Patience—at least he presumed it was the tumbler although it was hard to tell in his current half-inebriated, completely sleep-deprived state—sat on the steps of his sweeping marble staircase in the front hall. The little hellion’s elbows were braced on her knees with her chin propped in her palms. The hound that Sunny rarely saw these days dozed on the step next to the girl, his eyes half open.
“You’re looking glum,” Sunny remarked to the child as he passed off his hat and the crumpled cravat he’d relieved himself of hours ago to a waiting footman.
“I am,” she said petulantly.
“Well, I’m off to a bath and then to my bed.” He angled past her and the animal sprawled on his steps.
She jumped to her feet and trotted up after him. “Aren’t you going to ask why I’m sad?”
“No.” He moved faster, taking the steps two at a time, hoping to shake the little nuisance.

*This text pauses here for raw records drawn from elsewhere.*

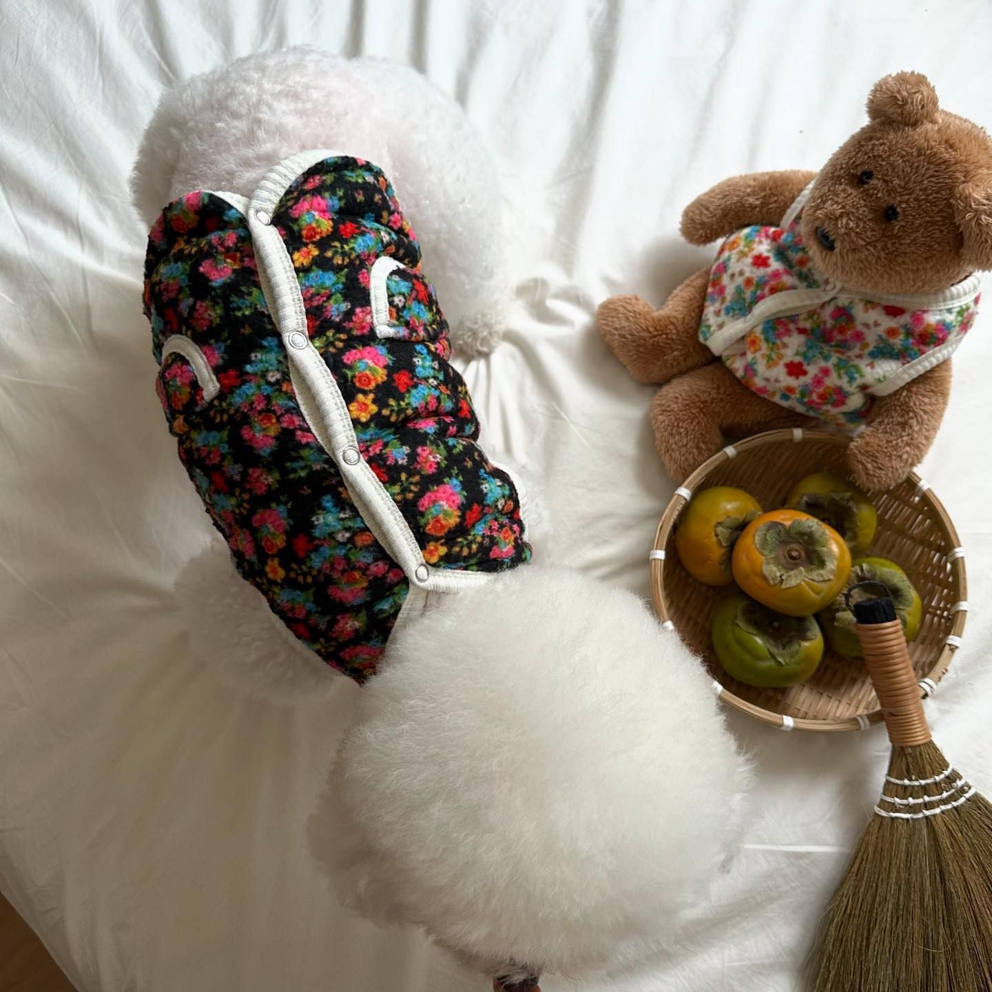 가을과 겨울 옷 개 고양이 애완 동물 북동 큰 꽃 코트면 패딩 코트 곰 테디 새해 옷보다 작고 중간 크기의 개면 패딩 코트
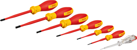 As a professional tradesperson, you need tools that are easy to use and meet all legal requirements. With the Bosch Professional VDE screwdriver set SL/PH with single-pole phase tester (7 pieces), you can fasten and unfasten screws, even if you unexpectedly make contact with live parts. All VDE screwdrivers are insulated with Thermoplastic Elastomer (TPE), their S2 blades have an insulating protective coating and they come with hand-friendly soft grips. The slim shafts and robust tips of the screwdrivers SL 3,5 / 5,5 / 6,5 / PH 1 and PH2 ensure fitting accuracy. All VDE screwdrivers have been tested up to 10,000 volts and VDE-certified up to 1,000 volts according to DIN EN/IEC 60900. The Bosch Professional single-pole phase tester is certified according to DIN VDE 0680-6. With this voltage tester, you can determine whether or not there is an existing current. It detects voltages from AC 100 V – 250 V and there’s an integrated glow lamp that alerts you if a current is present. It has a handy and sturdy pocket clip. Our VDE hand tools are precise and durable and thanks to their ergonomic design, all hand tools in this set are comfortable to work with. By adding VDE hand tools to our Bosch Professional range, you get all your tool requirements in reliable Bosch quality. , This set consists of 6 VDE screwdrivers: SL 2,5 / 3,5 / 5,5 / 6,5 / PH1 and PH2 and one single-pole phase tester SL3. All tools in this set have an anti-roll design that prevents them from rolling away in the workplace. Profile and size are clearly visible on multiple positions on the handles of all our VDE screwdrivers. This set comes in a 1/2 L-BOXX inlay, which is perfectly compatible with our Bosch Mobility System.
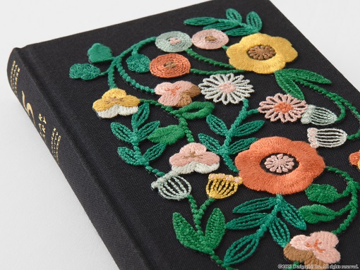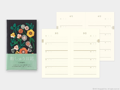 布貼りの表紙に刺繍のデザインを施した『刺繍日記』は、新色が登場します。好評発売中の草花のデザインはそのままに、表紙のベースカラーに深みのある黒が加わります。鮮やかな草花の刺繍が美しく際立ち、思わず触れたくなる繊細な質感や立体感をお楽しみいただけます。同じ日の記録を5年分一覧できる連用日記のフォーマットで、刺繍をするように言葉を紡ぎ、昨年の自分を振り返りながら日記を書くことができます。
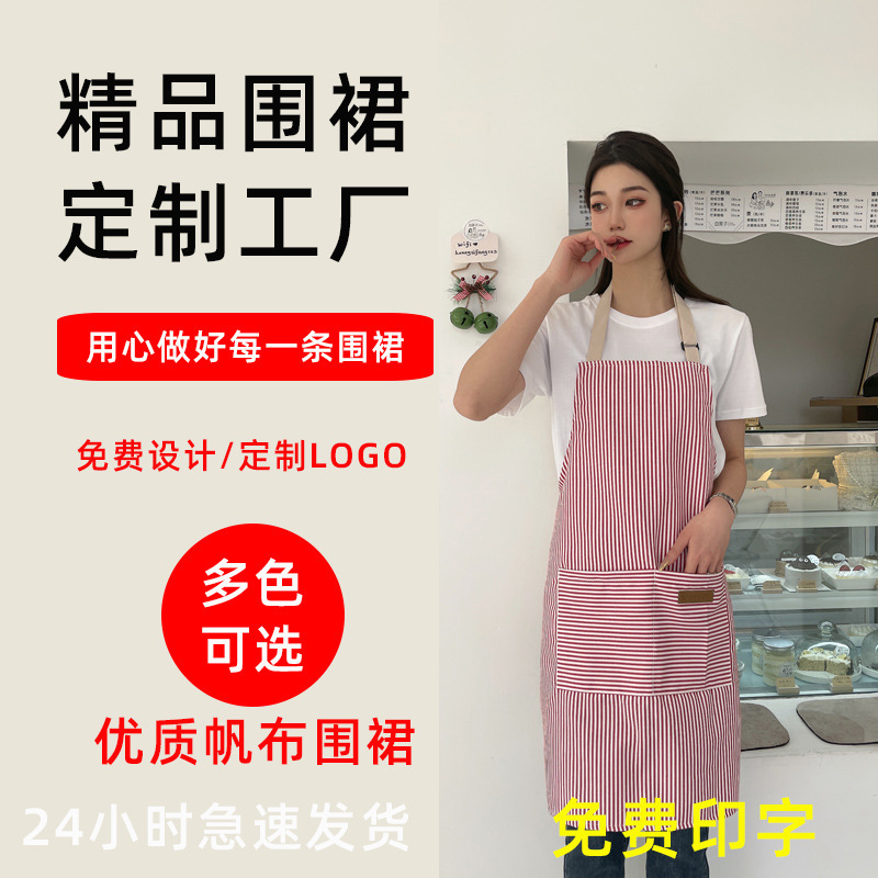 【卸売り量が多い】キャンバスエプロン防水防汚プリントロゴ対外貿易カフェキッチン仕事アマゾン
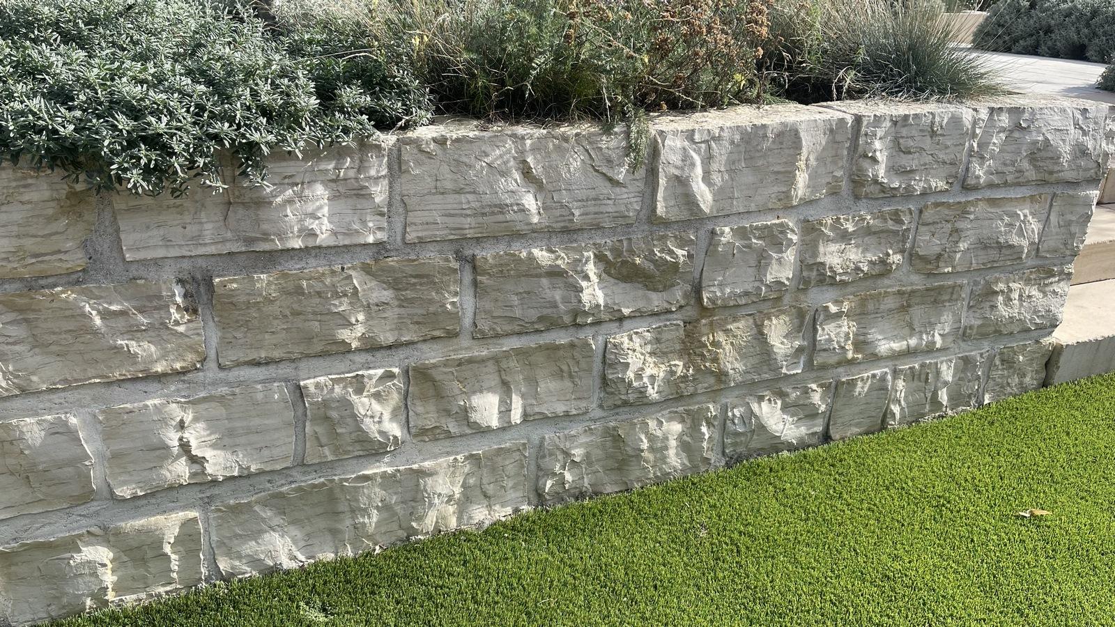 Mauersteine in mediterranem Aussehen, schöne Maserung, gespaltene Steine zur Errichtung von Mauern, Beeteinfassungen oder Verkleidung von Bauwerken.
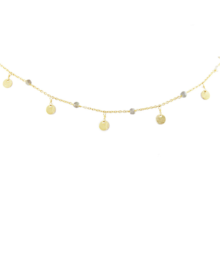 The Billie Beaded Short Necklace by Marcia Moran brings together natural stone beads and gold-plated coins, creating an effortlessly chic look.
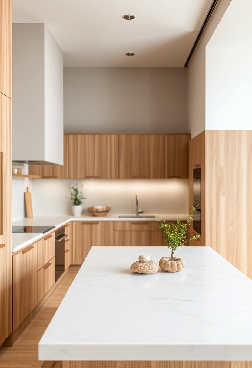 Decorative stones and small plants add a touch of nature, creating a peaceful cooking space that encourages mindfulness and creativity. This kitchen is designed for those who appreciate simplicity and serenity in their culinary environment.
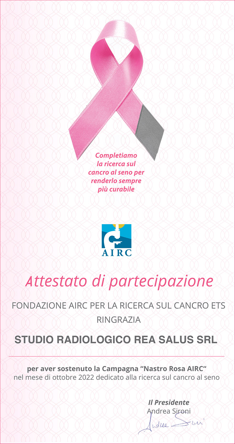 La Fondazione AIRC ha attestato l’impegno dello studio radiologico Rea Salus, anche per l’anno 2022, per aver sostenuto la campagna "Nastro Rosa AIRC".
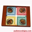 Le Plateau en bois présente recto-verso deux reproductions d'anciens modèles de jeux. les illustrations sont en Pvc ce qui assure une résistance à toute épreuve.
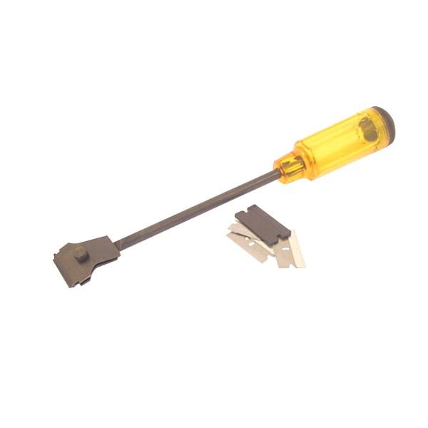 This scraper features a thumb screw that holds the blade in place more tightly.
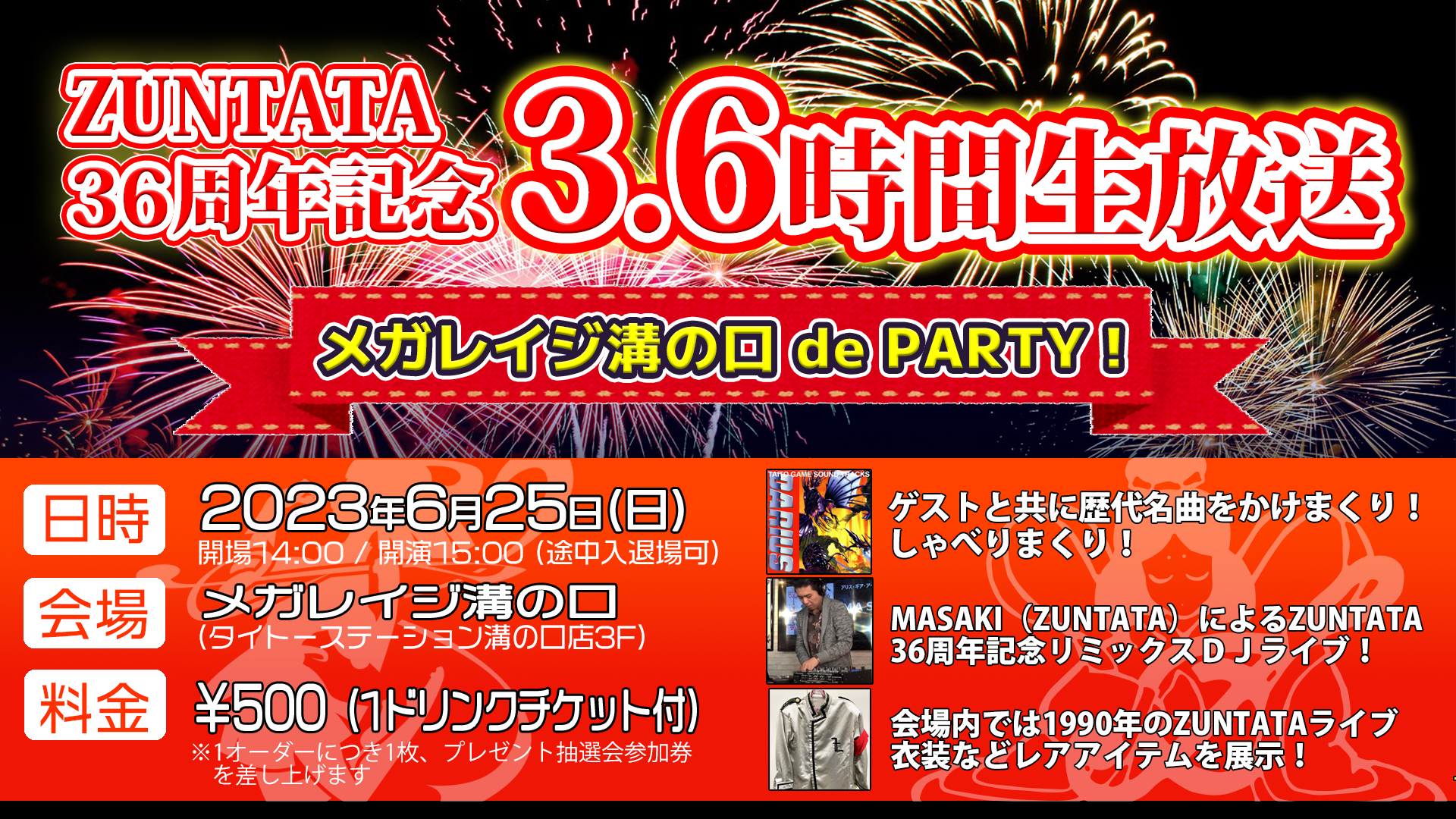 ◆「ZUNTATA 36周年記念3.6時間生放送~メガレイジ溝の口 de PARTY!~」
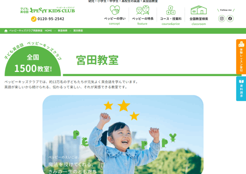 ホームページURL https://www.peppy-kids.com/classroom/detail.php?kid=189&utm_source=google&utm_medium=map&utm_campaign=MapTop&utm_content=%E5%AE%AE%E7%94%B0_189
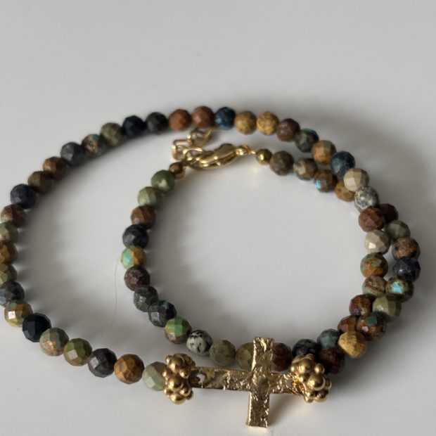 Bracelet double Turquoise avec sa magnifique croix Targaryen dorée à l’or fin
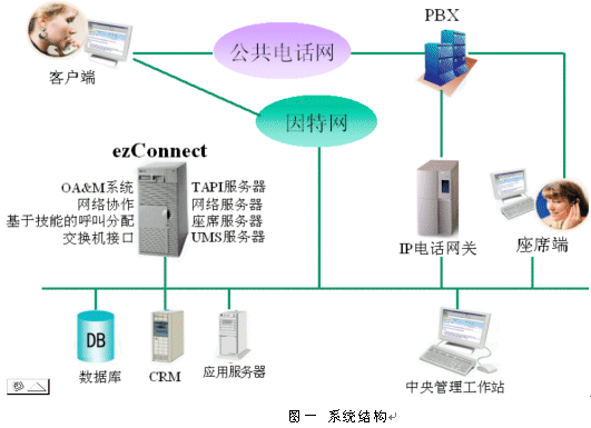 為了充分發(fā)揮現(xiàn)有系統(tǒng)的潛在能力,集成世界一流的產(chǎn)品以最大限度為客戶服務(wù),因特網(wǎng)呼叫中心的發(fā)展需要具備與多種系統(tǒng)交互的能力,充分發(fā)揮各種軟硬件的長處。電話和因特網(wǎng)呼叫中心解決方案ezConnect是按照工業(yè)標(biāo)準(zhǔn)設(shè)計的系統(tǒng),系統(tǒng)基于Windows NT操作系統(tǒng),采用廋客戶端設(shè)計思想設(shè)計,使用業(yè)界流行的Visual C++ 和Java實現(xiàn),可以作為開發(fā)平臺做二次開發(fā),也可以經(jīng)參數(shù)配置后直接投入使用。
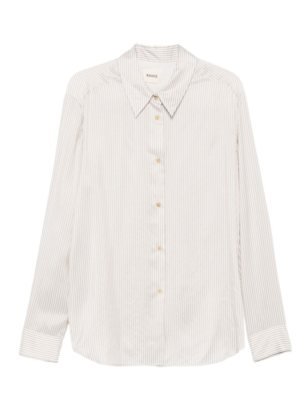 stripe-pattern long-sleeve shirt Highlights - White - Striped pattern - Polo collar - Button fastening - Long sleeves - Buttoned cuffs Made in United States Composition Silk 100% SIZE & FIT Model measurements Height 5 ft 9 in(1.75 m) Bust/Chest 34.64 in(88 cm) Hips 36.61 in(93 cm) Waist 26.37 in(67 cm) Washing instructions Dry Clean Only
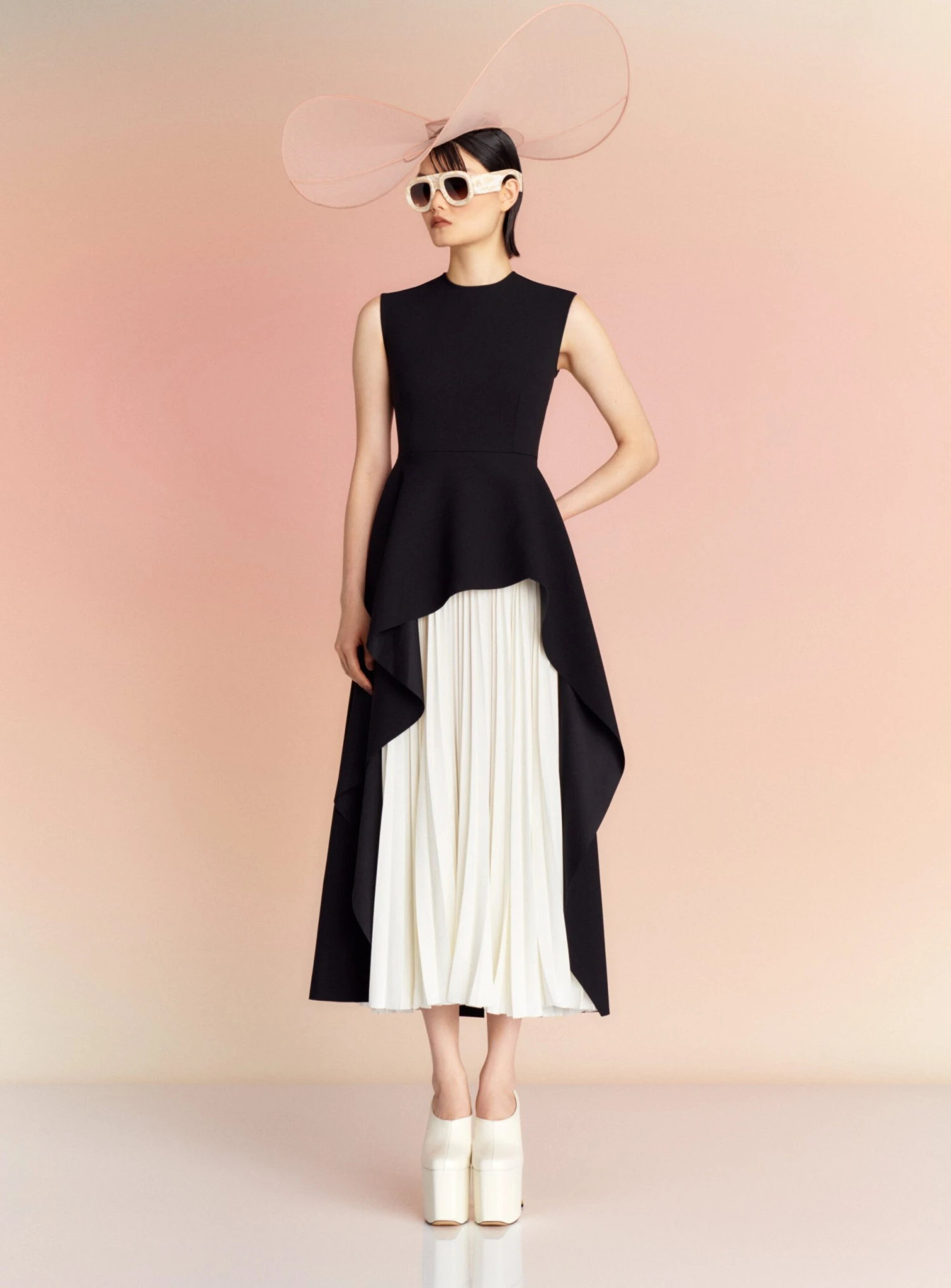 The Severny is a modern cocktail style featuring a draped asymmetric peplum and contrasting sunray pleated skirt.

She ran after him. “Why not?”
“Because I could not care less. That’s Finch’s department.”
“But
she’s the reason why I’m sad.”
Suppressing the urge to curse in the most profane terms possible, he halted, realizing the urchin was liable to follow him into the bath if he didn’t give her a moment of his time. These brats were always demanding his attention, something he would never have dreamed of pursuing with his own parents.
In fact, he’d spent his childhood dreading the daily private audiences with the duke and duchess. The encounters normally lasted about fifteen minutes during which Sunny was interrogated and tested on the lessons he’d learned or skills he’d perfected. He’d learned quickly that there was a steep price to be paid for deviating from the path his father had set for him—not just for Sunny, but for others as well.
“Izzy is why I’m sad,” Patience repeated.
He exhaled long and loud. “Very well. What has Finch done now?”
“She forbade me from tumbling. And I cannot go outside for two days.”
“And why is that?”
“Because I fell off the wall, of course!” The words were emphatic, as if he were a dotard for not knowing why she’d been punished. “Don’t you comprehend anything?”
“I understand better than you know.” As a boy, he’d been room-ridden more times than he cared to remember, usually when he’d failed to master a lesson or task as quickly or adroitly as his father thought befitted a duke’s heir. He’d spent endless hours sitting in his rooms at the opposite end of the country mansion from his parents’ bedchambers staring out the window at the gardens and copse of trees in the distant Sunderford orchard, wishing he were free to climb the trees, to roam and explore.
But there’d never been time for that. All of Sunny’s days had been scheduled down to the minute—the studies with his tutor, lessons in deportment, history, culture, manners, and dancing, riding out with his father to meet tenants and learn about the estate yields. It had been never-ending.
All of this will one day be yours, his father had said. You must always be a credit to the Sunderford name and me. Sunny did not care to recall the longing that had filled his boyhood, or the anger and frustration he’d felt at having to stifle his natural urges and interests. But it all came rushing back to him now.